Segment Start: Data shown
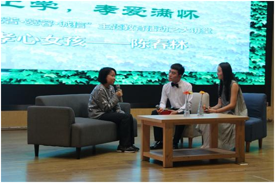 在介绍完嘉宾和领导后,一场精彩的访谈《背父上学 孝爱满怀》正式开始。在主持人请出主人公陈春林之前,我们通过短片了解到陈春林来自广西壮族自治区贺州市钟山县清塘镇英家村,在她9岁时,母亲因脑溢血离开了她;在她15岁时,父亲因中风偏瘫,陈春林和小她一岁的弟弟不知所措。从那一刻起,她选择了坚守,和弟弟两人一起承担家里的重担。为了生活和照顾生病的父亲,14岁的弟弟远去广东打工挣钱养家,陈春林则休学一年照顾父亲,生活的残酷并没有摧毁她,重返学校学习的梦想从未被阻挡,她经常抽出时间来学习,随着社会各界纷纷涌来的帮助,陈春林得以重返校园,在她的努力下,今年她以高出当地一本线70多分的成绩被华中师范大学录取。
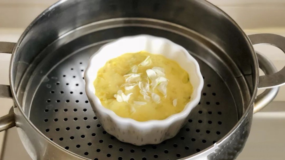8、先用大火蒸10分鐘,然後把蓋子取開,再加入一些槐花瓣,再繼續蒸3分鐘即可出鍋。千萬不能蒸太久,不然蛋會變得很老。
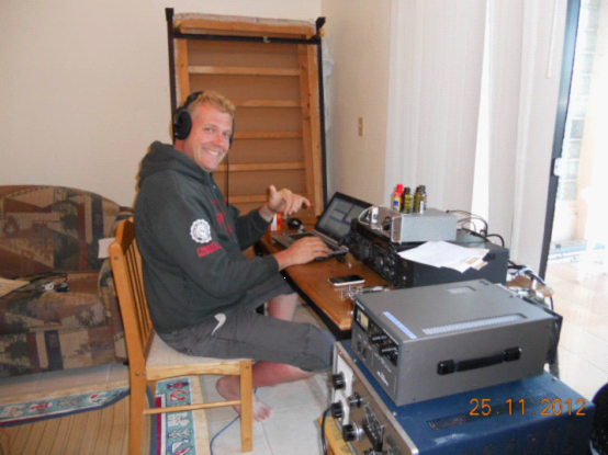 图片:最后一分钟留念。OH6RX早上引起了美国的pileup。请注意发红的双脚。问题...什么在赤道上的30 +度的温度里还穿厚长袖衫?答:严重烧伤后开始感觉冷。请注意,前面的图里有同样的现象。
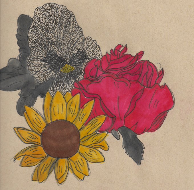 For the 24th inktober I drew flowers #Flowers #inktober2020 #inktober2020day24 #roses #sunflower
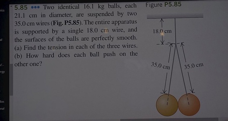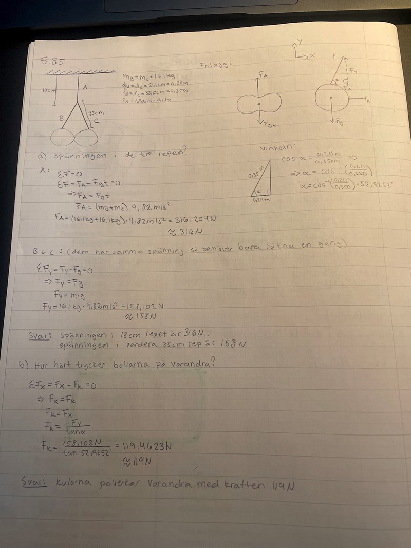 svaren ska vara 316N i det översta repet och 162N i de andra två. Och kraften bollarna påverkar varandra med ska vara 37,6N
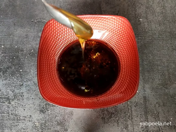 В окремій ємності зробимо заправку. Перемішуємо соєвий соус з бальзамічним оцтом, гірчицею в зернах та медом.
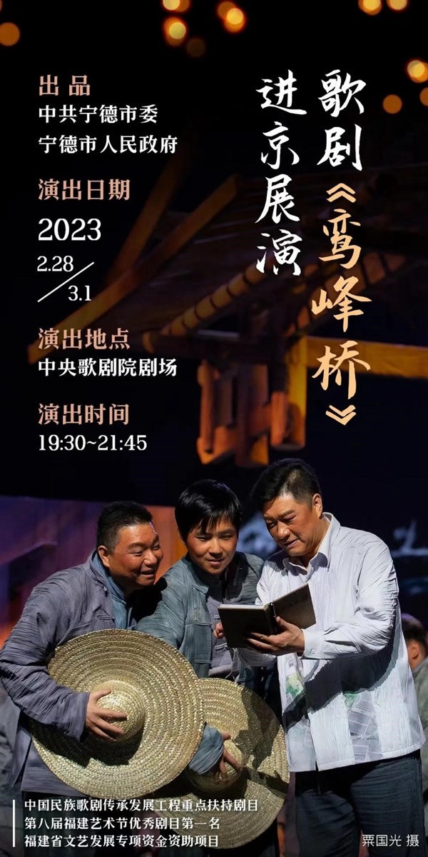 人民網(wǎng)福州2月27日電 (劉卿)日前,文化和旅游部公布“新時(shí)代舞臺(tái)藝術(shù)優(yōu)秀劇目展演”進(jìn)京集中示范演出劇目,由中共寧德市委、寧德市人民政府出品的歌劇《鸞峰橋》入選。據(jù)了解,該劇將于2月28日至3月1日每晚19:30至21:45在中央歌劇院劇場(chǎng)進(jìn)行展演。
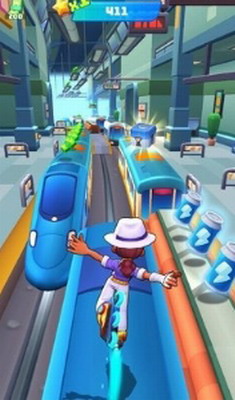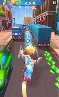 3、游戏中你将是他们其中一名超级跑者,在城市中穿梭,奔跑,跳跃、滑行和躲避障碍物。
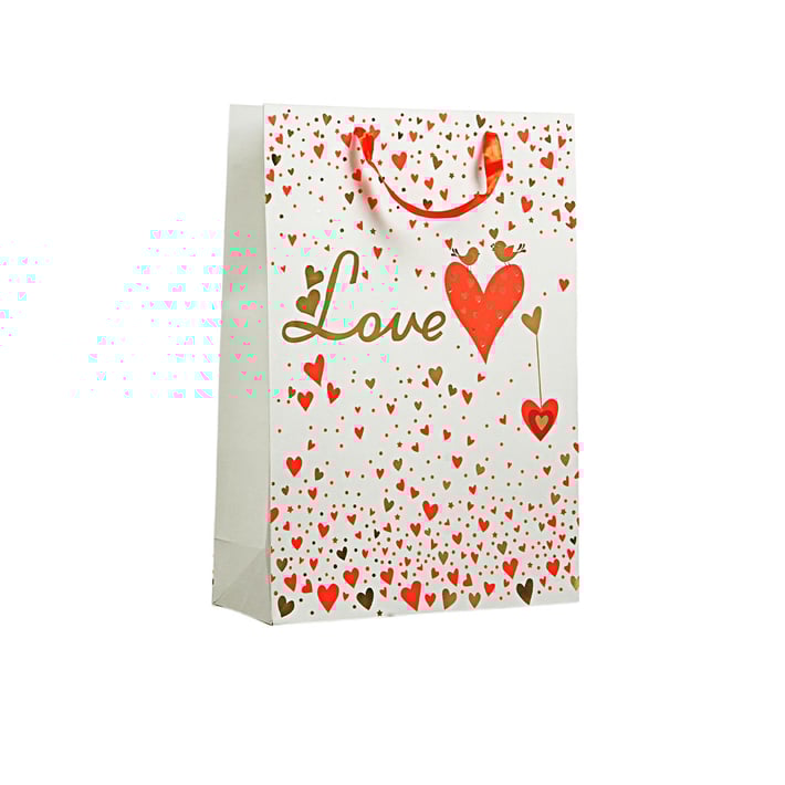 • Изразете чувствата си със стил с тази елегантна подаръчна торбичка, украсена със сърца и надпис „Love“. Перфектният избор за романтични поводи като Свети Валентин, годишнини или специални изненади за любим човек.
Segment End: Data shown
* [Try it] Write out each line exactly, from the one containing "8、先用大火蒸10分鐘,然後" through the end of the entries, and skip the pictures.

* [Task output]
8、先用大火蒸10分鐘,然後把蓋子取開,再加入一些槐花瓣,再繼續蒸3分鐘即可出鍋。千萬不能蒸太久,不然蛋會變得很老。
 图片:最后一分钟留念。OH6RX早上引起了美国的pileup。请注意发红的双脚。问题...什么在赤道上的30 +度的温度里还穿厚长袖衫?答:严重烧伤后开始感觉冷。请注意,前面的图里有同样的现象。
 For the 24th inktober I drew flowers #Flowers #inktober2020 #inktober2020day24 #roses #sunflower
 svaren ska vara 316N i det översta repet och 162N i de andra två. Och kraften bollarna påverkar varandra med ska vara 37,6N
 В окремій ємності зробимо заправку. Перемішуємо соєвий соус з бальзамічним оцтом, гірчицею в зернах та медом.
 人民網(wǎng)福州2月27日電 (劉卿)日前,文化和旅游部公布“新時(shí)代舞臺(tái)藝術(shù)優(yōu)秀劇目展演”進(jìn)京集中示范演出劇目,由中共寧德市委、寧德市人民政府出品的歌劇《鸞峰橋》入選。據(jù)了解,該劇將于2月28日至3月1日每晚19:30至21:45在中央歌劇院劇場(chǎng)進(jìn)行展演。
 3、游戏中你将是他们其中一名超级跑者,在城市中穿梭,奔跑,跳跃、滑行和躲避障碍物。
 • Изразете чувствата си със стил с тази елегантна подаръчна торбичка, украсена със сърца и надпис „Love“. Перфектният избор за романтични поводи като Свети Валентин, годишнини или специални изненади за любим човек.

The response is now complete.